Another advantage is the elimination of fonts in .dmi icons. They never usually look as good as the original and are slow for writing because they are an object or an image. BYOND 4.0 can write to 4.0 with any font you want, retaining the original look and polish. And if you’ve ever seen a game try to write on screen with .dmi fonts you’ll appreciate the speed.

Of course this doesn’t mean the complete elimination of HUDs, as they are still very useful in a niche of BYOND’s capability. BYOND games don’t have a lot of special effects, whether it be in a shooting game where your vision clouds when you take a bullet, a super powerful spell that fades gradually into white or a space station meltdown scenario that tints everything red with the hazard lights. All of these effects would have looked fairly horrible in a lower BYOND version. But with the advent of alpha layer transparency they’ll look genuinely great.

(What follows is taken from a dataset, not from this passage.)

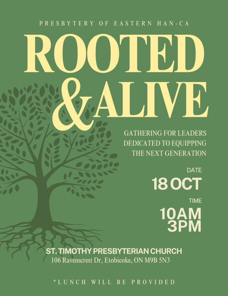 We will be hosting Rooted & Alive, a gathering for the Presbytery of Eastern Han-Ca on October 18 @ 10am-3pm.

This doesn’t mean that you should go around and rewrite all your hard worked on HUD systems. Chances are if you’ve already written them they’re fairly efficient because you’re proficient enough to know that no one is going to play a game that lags to high heck.

However if you are considering creating systems like these, skins are the way to go.


Ur hawt
Using a pop-up skin window is superior to hud.

PERIOD.

1. They can be movable without lag.
2. They don't need to be generated object by object.
3. You can use large images as backgrounds making it look prettier
I'm going through the process of 4.0izing Progeny because skins are obviously just better.
Just FYI, client.screen HUD objects can be drawn off of the viewable area of client.screen. For instance, try giving something a screen loc of 1,0 to have it appear below your viewable area.
I personally think that screen objects are prettier than skin panes. For an interface as complex as one in Terra ex Machina, it doesn't make sense to even try to put the whole thing in a pane.

It would probably be impossible to move anything but the inventory and skills windows because of how graphical the UI is.

You can expand the HUD and make it invisible except for the buttons. The health and stamina meters are very graphical, health being a humanoid figure that fades to red, and stamina being a liquid in a tube that drains it away.

The on-screen HUD is not going to be completely obsoleted until the big boys implement Multi-Map support for the skins. When this happens, say good bye to the HUD objects that occupy the main map window.
Yeah, I'm eagerly awaiting multiple maps, but grids accomplish that purpose almost as well.